With pictures excluded, output exactly the lines that run from the first line of the data below through the line containing "菜鳥的戰績... (http://go5w.com/dispbbs.asp?boardid=19&id=93048) |".

(GIVEN INFORMATION begins)

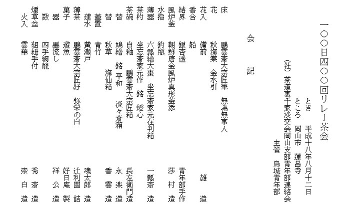 | 主管の烏城青年部会員は、リレー茶会に初めて参加の方が多く、緊張の中にも数々の勉強すべき点があったこと、個々の反省が感謝の念に変わったことなど、収穫の多い茶会となりました。 最後になりましたが、幹事長先生始め役員の先生、推薦先生には大勢の参加を募っていただき、ご協力賜りましたこと御礼申し上げます。 |
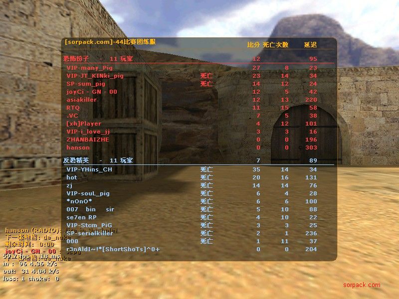 | 以文本方式查看主题 - 索沛CS1.6论坛 CS反作弊 CS1.6下载 amxx sma插件 cs对战平台 (http://go5w.com/index.asp) -- PiG.Clan (http://go5w.com/list.asp?boardid=19) ---- 菜鳥的戰績... (http://go5w.com/dispbbs.asp?boardid=19&id=93048) |
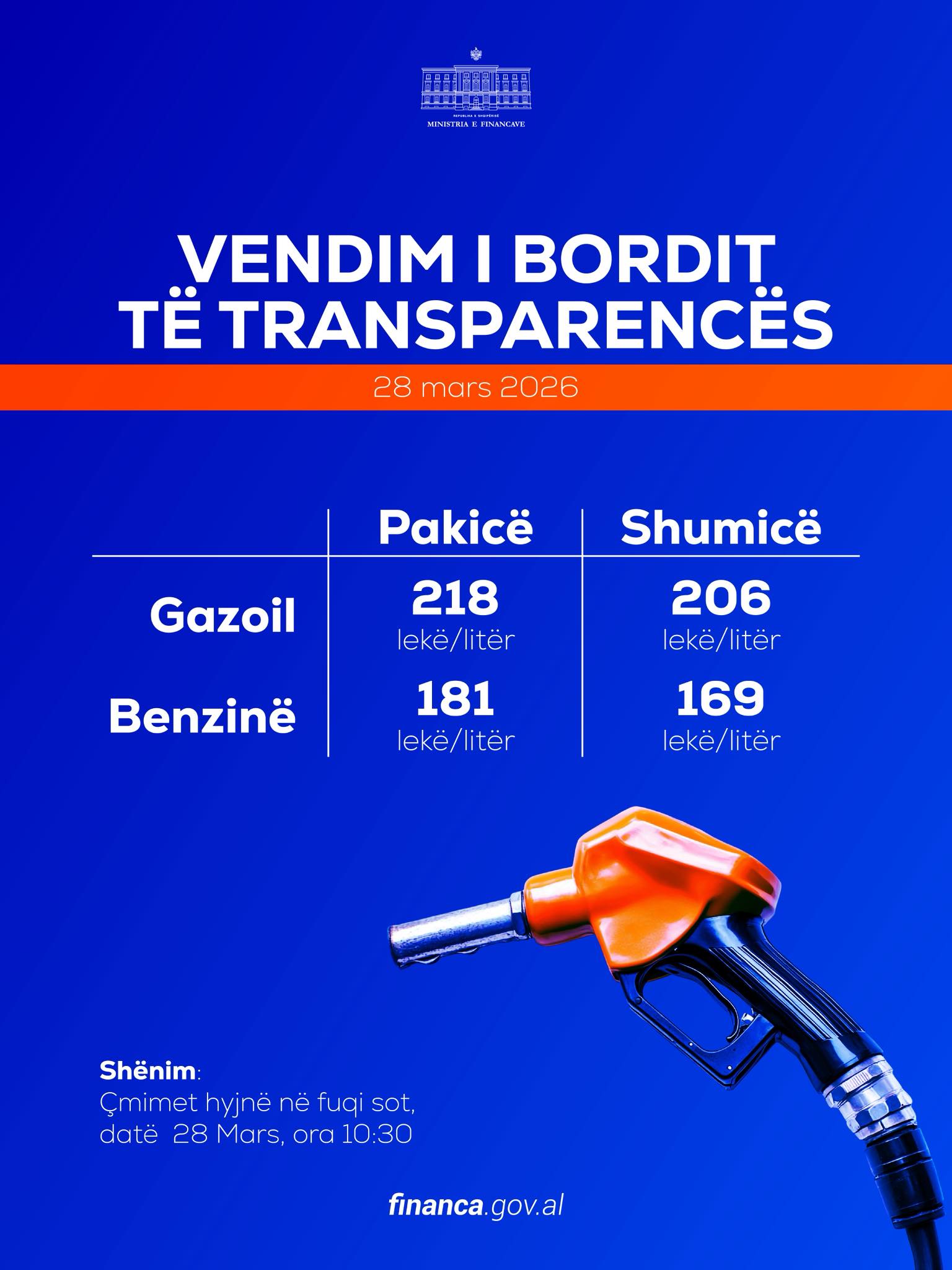 Në mbledhjen e parë të zhvilluar më 26 mars, Bordi i Transparencës vendosi të ulë çmimet. Nga 214 lekë për litër, një çmim që qëndroi për gati 1 javë, u ul në nivelin e 203 lekë për litër. Ndërsa benzina nga 199 lekë për litër u ul në 175 lekë për litër, por me vendimmarrjen e re të Bordit të Transparencës tashmë çmimet rriten.

(GIVEN INFORMATION ends)

SOLUTION TO THIS EXERCISE –
 | 主管の烏城青年部会員は、リレー茶会に初めて参加の方が多く、緊張の中にも数々の勉強すべき点があったこと、個々の反省が感謝の念に変わったことなど、収穫の多い茶会となりました。 最後になりましたが、幹事長先生始め役員の先生、推薦先生には大勢の参加を募っていただき、ご協力賜りましたこと御礼申し上げます。 |
 | 以文本方式查看主题 - 索沛CS1.6论坛 CS反作弊 CS1.6下载 amxx sma插件 cs对战平台 (http://go5w.com/index.asp) -- PiG.Clan (http://go5w.com/list.asp?boardid=19) ---- 菜鳥的戰績... (http://go5w.com/dispbbs.asp?boardid=19&id=93048) |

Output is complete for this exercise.